Original Trade Description: December 28th
The VXX is a short-term volatility product based on the VIX futures. As a futures product it has the rollover curse. Every time they roll to a new futures contract, they have to pay a premium and that lowers the price of the ETF. It is a flawed product with a perpetual decline built in from the monthly roll over in the futures contracts.
As evidence of this flaw, they have now done four 1:4 reverse stock splits. The last four reverse splits occurred at $13.11 (11/2010), $8.77 (10/2012), $12.84 (11/2013), $9.52 (8/8/16). The prospectus says it can reverse split anytime it trades under $25 for a prolonged period and the splits will always be 1:4.
After the August split the ETF moved sideways for four weeks at $36. I think everyone was waiting for the typical August volatility. When it did not show up and the market rallied on Friday that support broke. And the decline began.
We exited the last short at $26.65 for a $7 gain back on December 13th. I am expecting the January volatility to lift the VXX back to $30. That will give us a great entry for the expected market rally in Feb/Jan where the VXX will crash again.

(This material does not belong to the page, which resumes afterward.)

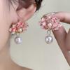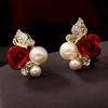 2023 New Imitation Pearl Red Flowers Without Piercing Mosquito Coil Ear Clip Cute Drop Earrings Women

Unfortunately, put options are expensive with a volatility instrument at this price level. The only recommendation is to short the ETF and forget it. This will be a long-term position. This is not a 2-3 week play. I can guarantee you, if history holds, we can play this until it splits 1:4 again at $10. We may have to rotate in and out a couple times but it will eventually go to $10. Once we are in the position and profitable I will put a trailing stop loss on it. If the stop is hit we will take profits and then look for a bounce to get back in. We could keep this play in the portfolio on a trading basis permanently.
I am putting an entry trigger on the position at $29.50, a level we saw on December 1st. I would expect this to be hit in early January. The VXX could rise well over $30 if the market really corrects so I am not putting a stop loss on the position until the correction is over.
With a VXX trade at $29.50
Short VXX shares, currently $24.62, no initial stop loss.
No options recommended because of price.